*** Exercise data ***

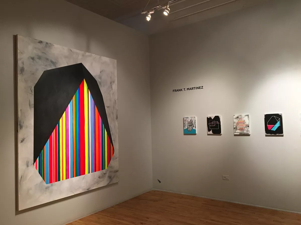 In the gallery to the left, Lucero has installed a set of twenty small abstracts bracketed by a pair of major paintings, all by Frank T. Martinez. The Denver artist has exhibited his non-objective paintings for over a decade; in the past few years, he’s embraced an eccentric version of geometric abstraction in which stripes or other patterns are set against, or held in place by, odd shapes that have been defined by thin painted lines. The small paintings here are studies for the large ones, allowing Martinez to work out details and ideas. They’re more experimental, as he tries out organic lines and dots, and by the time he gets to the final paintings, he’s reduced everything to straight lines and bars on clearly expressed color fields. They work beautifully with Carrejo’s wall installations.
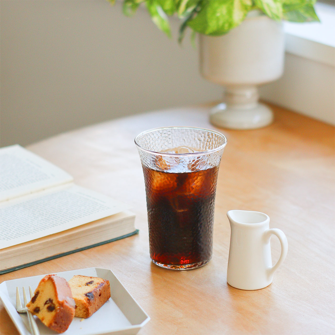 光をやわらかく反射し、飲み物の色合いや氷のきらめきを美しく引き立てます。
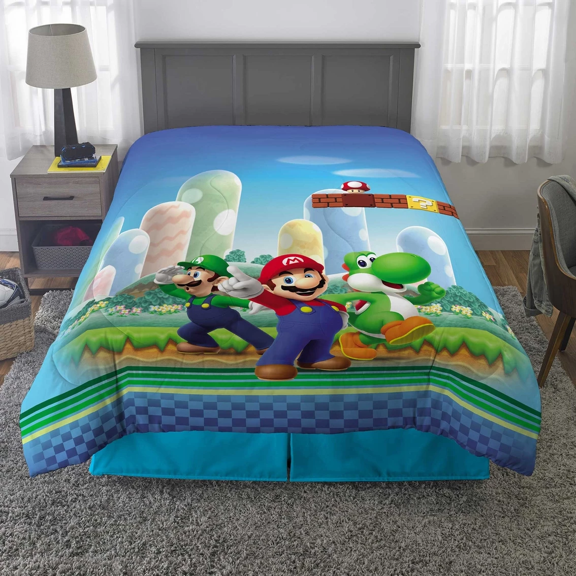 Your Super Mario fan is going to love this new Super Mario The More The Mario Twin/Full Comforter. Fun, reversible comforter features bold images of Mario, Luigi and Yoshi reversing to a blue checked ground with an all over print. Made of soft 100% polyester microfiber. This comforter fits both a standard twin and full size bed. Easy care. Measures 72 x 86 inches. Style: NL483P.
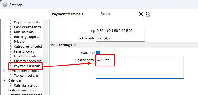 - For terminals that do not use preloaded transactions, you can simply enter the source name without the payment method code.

***

● **Work to complete**: Give back exactly the lines from the one that contains "Your Super Mario" to the final line of the data above, both included, with all pictures removed.

● **Response to the task**:
 Your Super Mario fan is going to love this new Super Mario The More The Mario Twin/Full Comforter. Fun, reversible comforter features bold images of Mario, Luigi and Yoshi reversing to a blue checked ground with an all over print. Made of soft 100% polyester microfiber. This comforter fits both a standard twin and full size bed. Easy care. Measures 72 x 86 inches. Style: NL483P.
 - For terminals that do not use preloaded transactions, you can simply enter the source name without the payment method code.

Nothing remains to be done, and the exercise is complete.